Three complementary and independent outputs representing the herd level persistence and the infection intensity both in the breeding sows and the growing pigs were selected to investigate the swIAV epidemic characteristics (percentage of infected batches during the whole simulation, number of days with shedding sows and with shedding piglets per batch). Output analyses allowed the selection of biologically realistic values for the three unknown parameters (β_air = 0.1, σ₁ = 180 days and φ = 0.75). With this parameter set, endemic persistence could be observed at the herd level throughout the simulation time and infection dynamics was consistent with observational data. Endemic persistence of swIAVs in swine operations are characterized by mechanical occurrence of epidemics at similar age (i.e. commonly around two weeks after weaning), in successive batches [4]. The shedding period at the batch scale was also found to last around a month in this observational study. Low values for airborne transmission rate (βair < 0.1) did not reproduce the spread of the swIAV in successive batches as observed in field conditions. In addition, values higher than 0.3 produced early and prolonged epidemics occurring around the weaning age with a huge variability between simulations (data not shown). With a transmission rate via airborne route fixed at 0.1, the median duration of the epidemics was 42 days with a median age at infection of 34 days in the present model.

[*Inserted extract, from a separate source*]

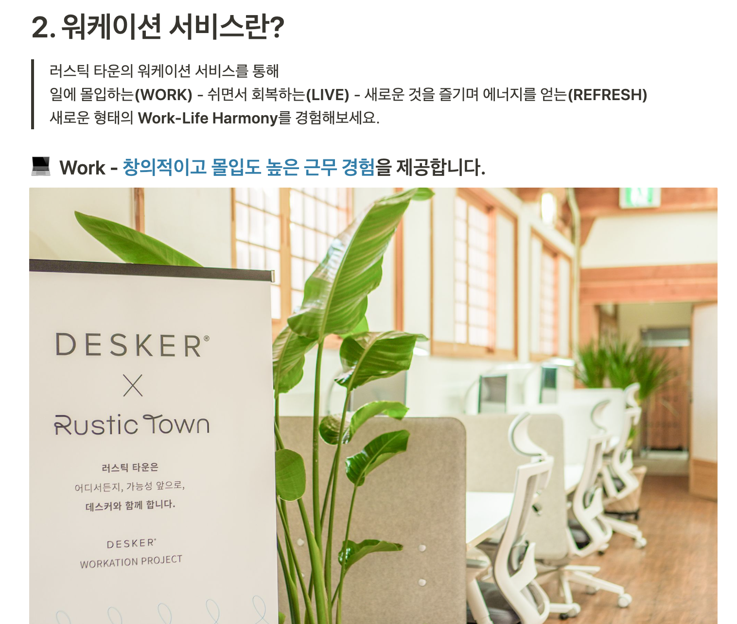 첫번째는 전남 곡성군에 있는 심청 한옥마을을 기반으로 지역 협동조합인 팜앤디에서 만든 워케이션 프로그램 '러스틱 타운'입니다. 이 러스틱 타운 프로그램은 2. 한옥/초가집 외관 + 깔끔한 현대식 내관 3. 1인실 또는 2인실 제공 4. 타운 외 이동을 위한 카셰어링 서비스 (카플랫) 5. 주변 맛집 추천 등으로 구성된 기업형 워케이션 상품입니다. 한옥마을에서 머물긴 하지만 데스커라는 오피스 전용 가구로 만들어진 코워킹 오피스가 완비되어 있어서 일하는 사람들에게 최적화된 근무환경을 조성했다는 뜻입니다. 이미 쿠팡, 토스뱅크, 카카오스타일, 네이버, 민병철교육그룹, 이노션 등 다양한 기업이 참여한 이력이 있다고 하네요.

A 180-day duration of active immunity, corresponding to the slaughter-age [35], appears consistent with field observations as reinfection by the same subtype during a short-time interval was deemed unlikely in growing pigs [15]. With a lower duration of active immunity, the number of days with infected piglets per batch was highly heterogeneous between successive batches (due to reinfection events) whereas homogeneity was observed from batch to batch in field conditions. At the breeding sow level, duration of active immunity shorter than 180 days induced a high number of days with shedding sows which seemed inappropriate for endemic swine flu. As no effects of a previous infection with the same subtype on the following shedding characteristics (immune memory effect) would also be surprising, a value of 0.75 has been selected because it provided consistent results on the different outputs with the selected values for the other parameters.

Conclusion

In the present study, the maternally-derived immunity has been shown to induce a greater likelihood of persisting infection at the herd level. The presence of MDA-positive piglets leads to long-lasting epidemics within the batch, favoring transmission to new incoming susceptible piglets in neighbouring batches in intensive batch-segregated swine production systems. This increases the likelihood of herd-level endemic persistence and is essential in the design of control strategies for swIAV outbreaks in farrow-to-finish pig farms. Increasing the complexity of the model would be worth considering, to evaluate the impact of co-circulation of different subtypes, reassortment events and antigenic drift on swIAV persistence.

Data Availability

All data related to model simulations are provided within the paper.

Funding Statement

Funding was provided by the CRP Regional Pig Committees for Bretagne, Pays de la Loire and Normandie, and the INAPORC National Pork Council.